Passing the Big Data Test

By Shelley Littin, Cyverse

Ann Stapleton has turned her laboratory into a powerhouse for workforce development, training the next generation of data scientists in cutting-edge data analysis techniques. More than a dozen students under her tutelage actively contribute to large-scale science projects, conceptualizing, developing, and testing product and analysis tutorials for CyVerse platforms.

Every new data analysis method must be tested against existing methods to ensure that the new option works as well, if not better.

“This is very labor-intensive,” said Stapleton, an associate professor of biology and marine biology at the University of North Carolina at Wilmington (UNCW), “especially if you want to test a new analysis method against multiple existing methods. There’s a real benefit to building an extensible and resource-scalable system.”

Stapleton, who has a background in plant biology and genetics, began working in cyberinfrastructure in 2001 when she teamed up with colleagues to develop an infrastructure called GridNexus. The project developed a scientific workflow interface that was used for more than ten years for teaching grid computing. Stapleton soon became a pivotal figure in biology cyberinfrastructure. Now she works at the interface of teaching and research.

“We generate test data, run it through analyses, and analyze the results to ensure the analysis program works the way it’s supposed to. This is the positive control for our user’s data analysis projects,” Stapleton explained.

“What’s special about what we’re doing is that it’s scalable,” she continued.

The challenge, Stapleton said, is that “many modern analyses can’t be done on a laptop or even on the resources available at a given institution. And, there are many universities where people don’t have access to computational resources. Finally, many options require quite a bit of technical expertise and interest.”

“What CyVerse provides is the ability to scale up analyses that are too big to be done on a laptop, using the Agave API to manage the process.” The Agave API platform underlies CyVerse data management services and provides hosted services for researchers to access data and publish and share results.

Stapleton is deeply invested in preparing students for work in the real world, and strives to build her lab into what she calls a “mentoring machine.”

“We try to do everything exactly as in industry. We do all the things that happen during production: task selection, modeling, testing, tutorial writing, and aspects of software development that occur in the real world.
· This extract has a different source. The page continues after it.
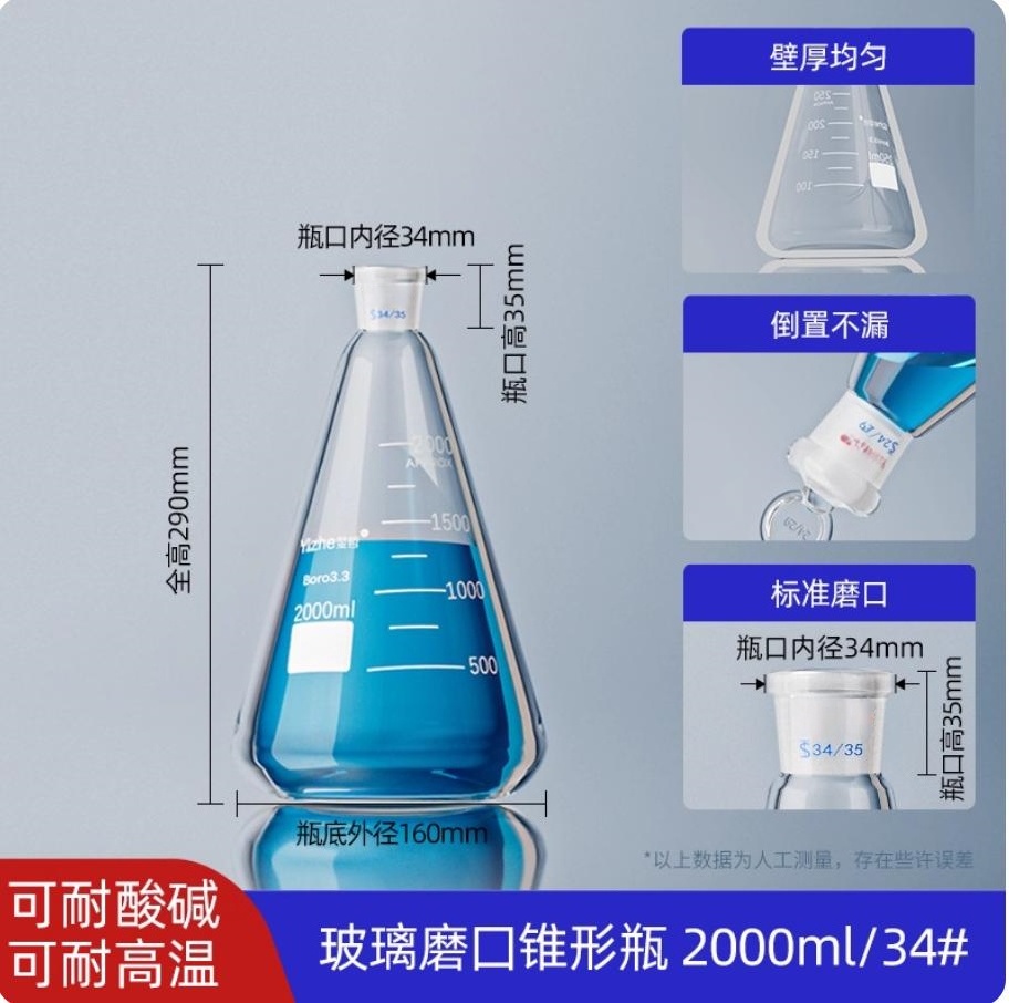磨口三角瓶标准口磨口三角烧瓶(磨口锥形瓶)2000ml*34#

Training students in best practices on a small scale will make it easier for them as they transition to larger operations.”

Her students have a variety of tasks: writing software code and scripts, debugging existing code, developing tutorials and documentation, maintaining the computational infrastructure, ensuring the data tests are up to muster, and testing new code – just to name a few.

One such project is the CyVerse Validate workflow, which provides a versatile, scalable positive-control analysis for researchers’ GWAS (genome-wide association studies) and whole-genome prediction (Genomic Selection, GS) tests.  

“With the help, information, and tutorials that we give them, and of course our code in Validate, we can get researchers started optimizing their genome-wide association and prediction analyses,” Stapleton said.

“Ultimately, we want to encourage researchers to use additional tools and add to the documentation, to make it easier for people to learn to install their own programs and manage their own user groups,” Stapleton noted, referencing CyVerse’s mantra, a project that is “of, by, and for the community.”

Validate initially was designed by a student, Dustin Landers, who joined Stapleton’s lab shortly after adding a graduate program in applied statistics to his social sciences background.

“I was very interested in pursuing a career in data science,” Landers said. “I was extremely excited to pursue the opportunity to work with Ann on the CyVerse Validate project.”

The project required knowledge of genetics, biostatistics, machine learning, and statistical modeling, so Landers met and worked with diverse researchers and programmers as he designed Validate. “It required thinking a lot about who the end users would ultimately be, and how they would want to use such a tool.”

“Working in the Stapleton Lab helped me sharpen my skills as both a scientist and a software engineer,” Landers added. “It was beyond rewarding.” Landers now applies his skills and experiences as a data scientist for a Fortune 500 insurance company.

But Landers has not been the only one with a not-so-STEM background to find his way into Stapleton’s lab: the documentation for Validate (among other projects) was completed by Austin Allen, a creative writer and poet of UNCW’s master of fine arts program.

“I've always felt a bit torn between my interests in computers and technology and my inclinations towards the humanities,” Allen said. “As a writer who grew up on the Internet, I'm interested in different ways of documenting my generation's experience with a rapidly-changing technological landscape.”

“The Validate project was a fantastic chance to synthesize my interest in computer science, pedagogy, and writing,” he continued. “Making sure that the "why" is in the documents as well as the "how" is a challenge that transcends genre.”

Allen plans to return to the poetry classroom with a new challenge for his students: attempting a GitHub-style approach to writing assignments, in which multiple authors contribute to one another’s poems as though they are collaborating on an open-source project.

“I like the idea that poetry, like some ancient code or script for our own hardware, bodies, or souls, might not be so dissimilar from lines of programming languages such as Python or C++ – a structured yet creative human solution to a given problem,” Allen said.